I’m pretty good at straight lines; it’s just turning and going backwards that are up for debate. So as long as I just go up and down the M5 I should be fine. Given that I hope to explore further this summer, I’m beginning to think a towing course might be in order.

I’m not a bad driver. It’s just that towing a 20ft caravan is a different kettle of fish to driving a car without one. And to be frank, it ain’t as easy as it looks.

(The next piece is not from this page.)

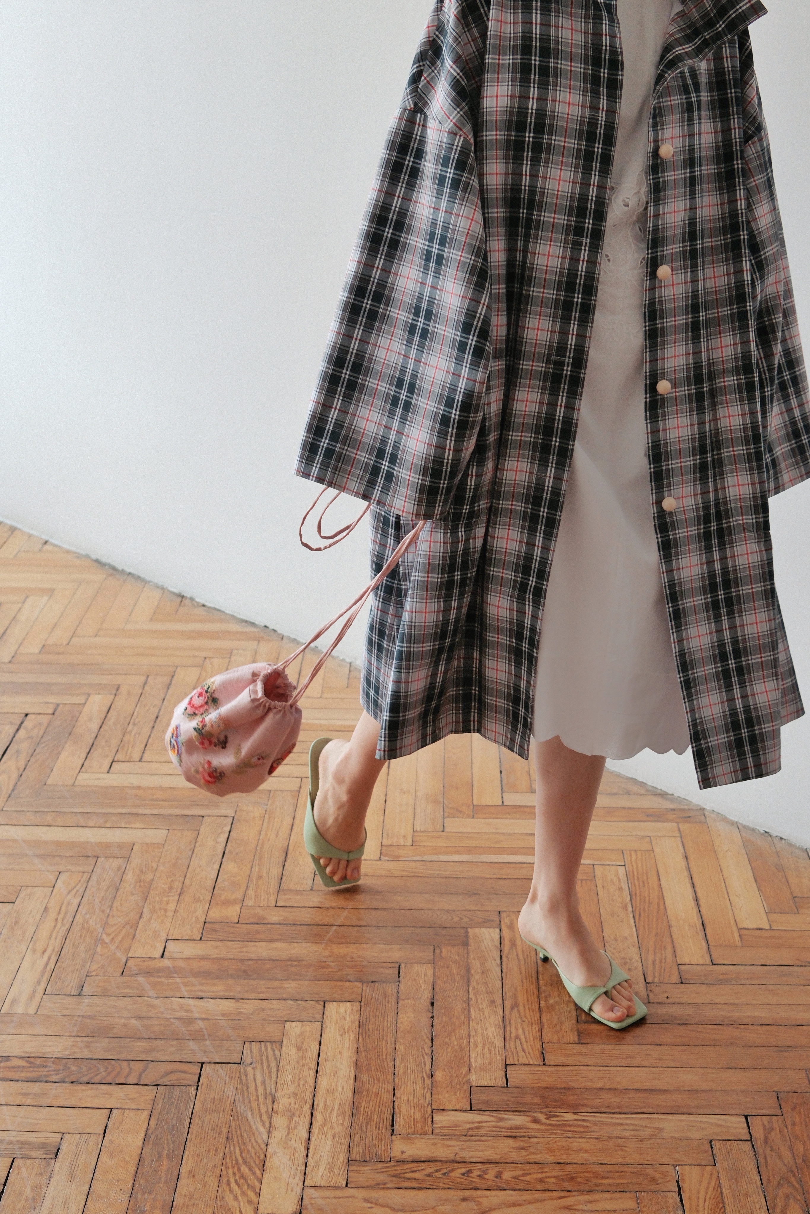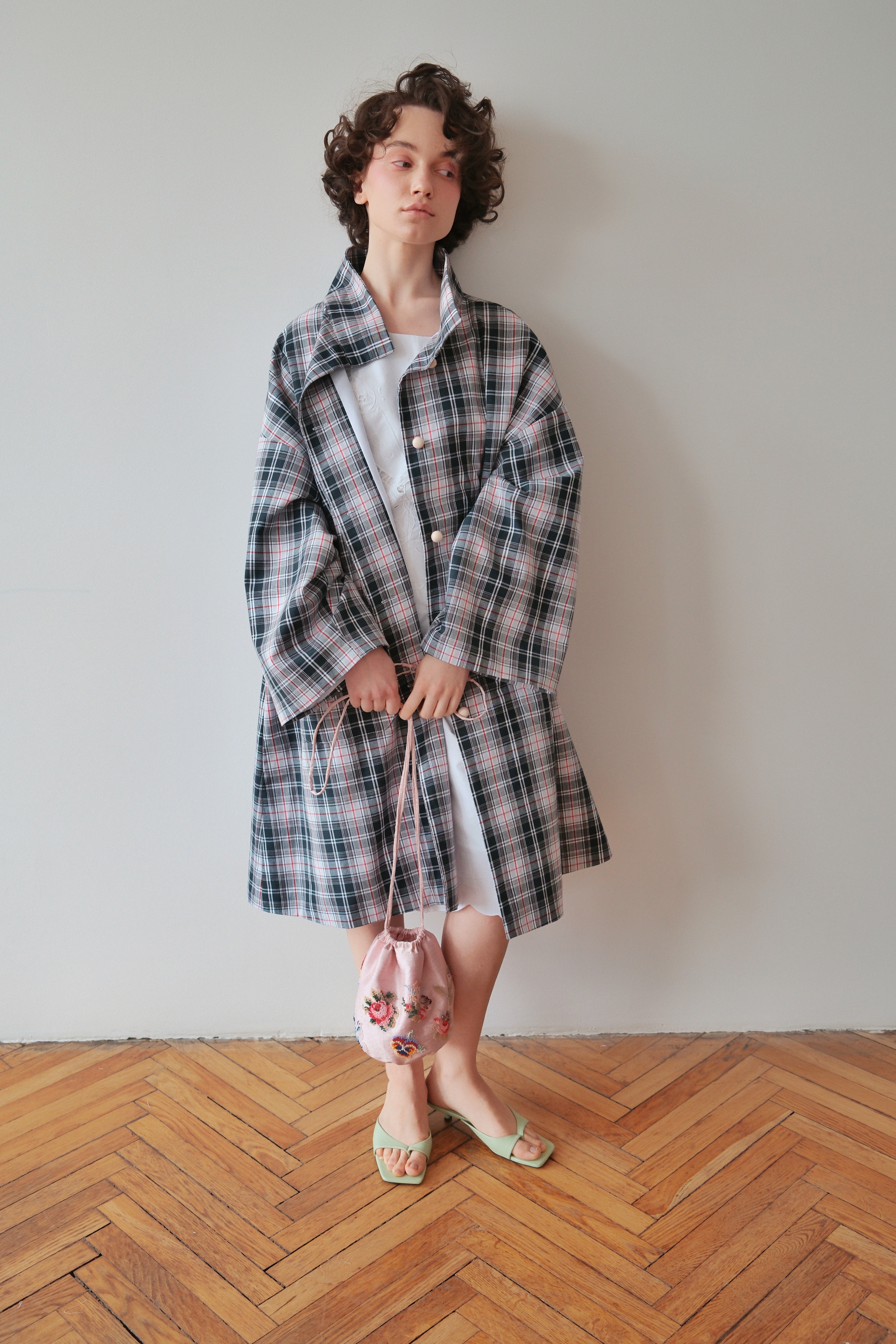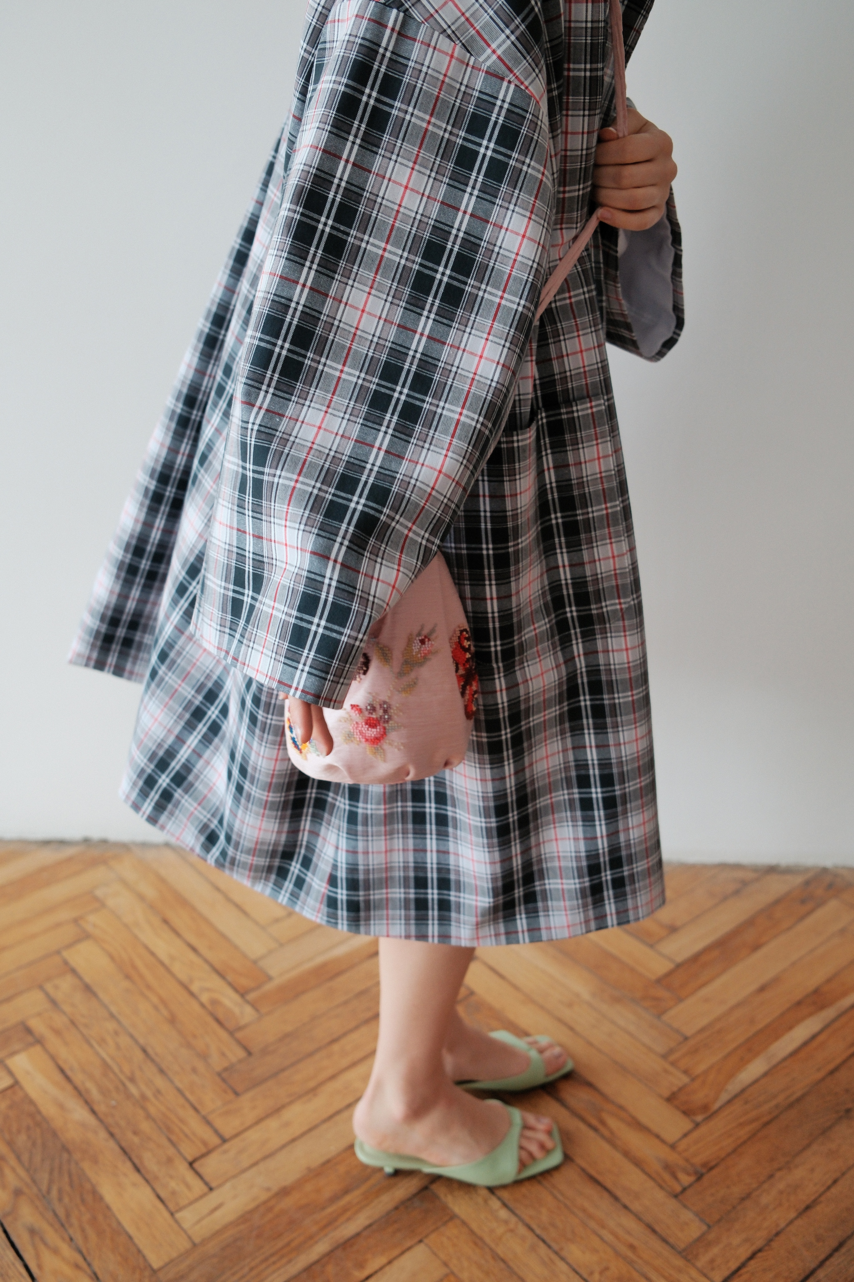 Плащ свободного кроя с воротником стойкой. На спинке расположился кармашек расшитый вручную алыми розочками.

Take garage forecourts, for instance. They are a minefield of potential hazards, to such a degree that I come out in a cold sweat whenever I pass them. You have to navigate into them, work out if the canopy is high enough and then carefully berth alongside the pump. As for pulling away from the pumps – nightmare! Who’d have imagined the damage you can cause if you turn either way too soon?

It’s this whole ‘pivot principle’ – it just doesn’t seem logical at times. You turn the car to the right, and somewhere in a different time zone at the rear of your articulated ensemble, the back of the van swings to the left. Whaaa...?!

That’s how I wrote off our previous caravan, a Bailey Pageant Auvergne. We were staying at a friend’s house near Plymouth and the idea was to park in their front garden. All that was in the way of this gloriously sensible idea was a (I’d say ‘very’, others would say ‘not at all’) narrow gate. I got through OK with the car and was proud of myself. But then I made the destructive and expensive mistake of turning the car too soon, causing the van to pivot prematurely while still within the confines of the gate orifice and impale itself on the exposed gatepost brackets.

“Funny – it’s a bit slippery,” I remember saying to myself as I piled on the revs to try to pull us out of what I thought was a dip in the track. The words ‘tin opener’ (along with a few unprintable expletives) sprang to mind to describe the effect it had on the van’s aluminium-skinned sidewall. I looked in horror through the wing mirror at my not-so-aerodynamically restyled caravan.

What to do? My limited experience prevented my brain from suggesting any sensible course of action, so I resorted to that age-old ‘bloke’ solution of brute force and maximum four-wheel drive. Backwards and forwards I went, desperately trying to free the impaled van. Bystanders shouted. My wife cried. The dogs cowered. But things only got worse.

Eventually a ‘do or die’ rev of the engine later, and we were catapulted to freedom. Sadly, the caravan was damaged beyond repair and at the moment, so is my pride. I think I really do need to invest in a towing course. My wife and kids think so, too.